- Directed by: Philippe Petit
- Screenplay by: Philippe Petit Marcia Romano
- Produced by: Frédéric Dubreuil
- Starring: Swann Arlaud Sarah Adler
- Cinematography: Pierre-Hubert Martin
- Edited by: Valentin Feron
- Music by: Andy Cartwright
- Release date: 2022;
- Country: France

= Beating Sun =

2022 French drama film

Beating Sun (Tant que le soleil frappe) is a 2022 French drama film co-written and directed by Philippe Petit and starring Swann Arlaud and Sarah Adler. It premiered at the 79th edition of the Venice Film Festival.

== Cast ==

- Swann Arlaud as Max Laborit
- Sarah Adler as Alma
- Grégoire Oestermann as Paul Moudenc
- Pascal Rénéric as Gaspard
- Lee Fortuné-Petit as Margot
- Djibril Cissé as himself
- Marc Robert as Tom
- Philippe Petit as Seb

==Release==
The film premiered at the 79th Venice International Film Festival, in the International Critics' Week sidebar.
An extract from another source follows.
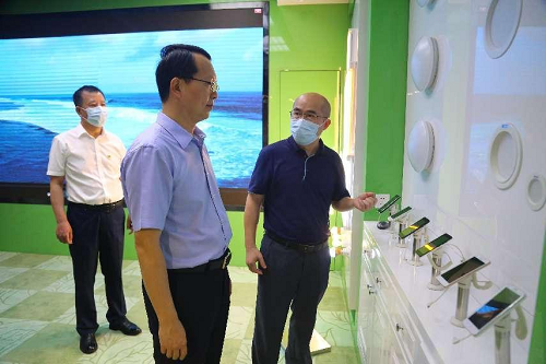 檢查前,鄭志鋒一行參觀了福日電子產(chǎn)品展示廳,詳細(xì)了解了福日電子的主營產(chǎn)品;駐足企業(yè)宣傳欄,詢問了福日電子企業(yè)文化建設(shè)和黨員先鋒示范崗作用發(fā)揮情況。

It was released in French cinemas on 8 February 2023.

==Reception==
Screen International critic Jonathan Holland described the film as "a thought-provoking feature debut plays like a less-shouty Ken Loach, presenting its big ideas on a small canvas, remaining low-key rather than bombastic, and keeping a careful eye on the truthfulness of its characters so that it never feels like agitprop." According to Fabien Lemercier from Cineuropa, the film is "a very engaging first feature film" that "offers both a portrait of an outsider that is touching in his obstinacy at the crossroads of an existence [...] and a fundamental reflection on urban landscapes".